3- Run the following query:
PREFIX : <http://example.org/hospital#>
SELECT ?p WHERE {
?p a :Patient .
}
4- You should find all the patients in the list. The inferred mapping has been derived from the mapping 2 and the domain of the property hasNeoplasm.
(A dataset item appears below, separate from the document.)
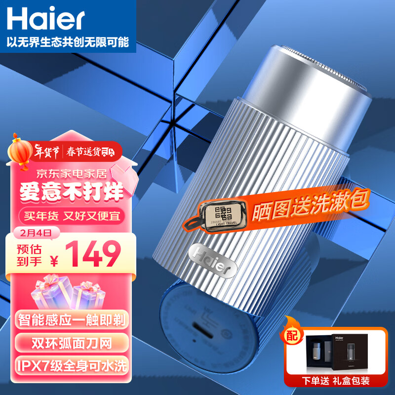 海尔(Haier)智能感应剃须刀小巧便携式迷你刮胡刀男士刮胡须刀送男友老公爸爸礼物刨须剃胡子刀HD11流星银价格:149.00元!

We now consider a second dataset also describing patients having a lung cancer. However, this dataset has a different schema, composed of 3 tables:
T_NAME: describe the patient
PID | NAME |
---|---|
1 | Anna |
2 | Mike |
3 | Roger |
4 | Jane |
T_NSCLC : describe a NSCLC. PID is a foreign key refering to T_NAME.PID
PID | STAGE |
---|---|
1 | three-a |
2 | one |
T_SCLC : describe a SCLC. PID is a foreign key refering to T_NAME.PID
PID | STAGE |
---|---|
3 | Lim |
4 | Ext |
1- Create the new tables (in H2)
CREATE TABLE T_Name (
PID INT NOT NULL PRIMARY KEY,
NAME VARCHAR(40)
);
CREATE TABLE T_NSCLC (
PID INT NOT NULL PRIMARY KEY,
STAGE VARCHAR(40)
);
CREATE TABLE T_SCLC (
PID INT NOT NULL PRIMARY KEY,
STAGE VARCHAR(40)
);
ALTER TABLE T_NSCLC
ADD FOREIGN KEY (PID) REFERENCES T_Name(PID);
ALTER TABLE T_SCLC
ADD FOREIGN KEY (PID) REFERENCES T_Name(PID);
2 - Populate them
INSERT INTO T_NAME
(PID,NAME) VALUES
(1,'Anna'),
(2,'Mike'),
(3, 'Roger'),
(4, 'Jane');
INSERT INTO T_NSCLC
(PID,STAGE) VALUES
(1,'three-a'),
(2,'one');
INSERT INTO T_SCLC
(PID,STAGE) VALUES
(3,'Lim'),
(4,'Ext');
- Target:
inst:ds2/{PID} a :Patient ; :hasName {NAME}^^xsd:string .
- Source:
SELECT PID, NAME
FROM T_NAME
- Target:
inst:ds2/{PID} :hasNeoplasm inst:ds2/nsclc/{PID}.
- Source:
SELECT PID
FROM T_NSCLC
- Target:
inst:ds2/{PID} :hasNeoplasm inst:ds2/sclc/{PID}.
- Source:
SELECT PID
FROM T_SCLC
- Target:
inst:ds2/sclc/{PID} a :NSCLC .
- Source:
SELECT PID
FROM T_NSCLC
- Target:
inst:ds2/sclc/{PID} a :SCLC .
- Source:
SELECT PID
FROM T_SCLC
- Target:
inst:ds2/nsclc/{PID} :hasStage inst:stage-IIIa .
- Source:
SELECT PID
FROM T_NSCLC
WHERE STAGE = 'three-a'
We can now run the previous SPARQL queries and observe that the results combine entries from the two datasets.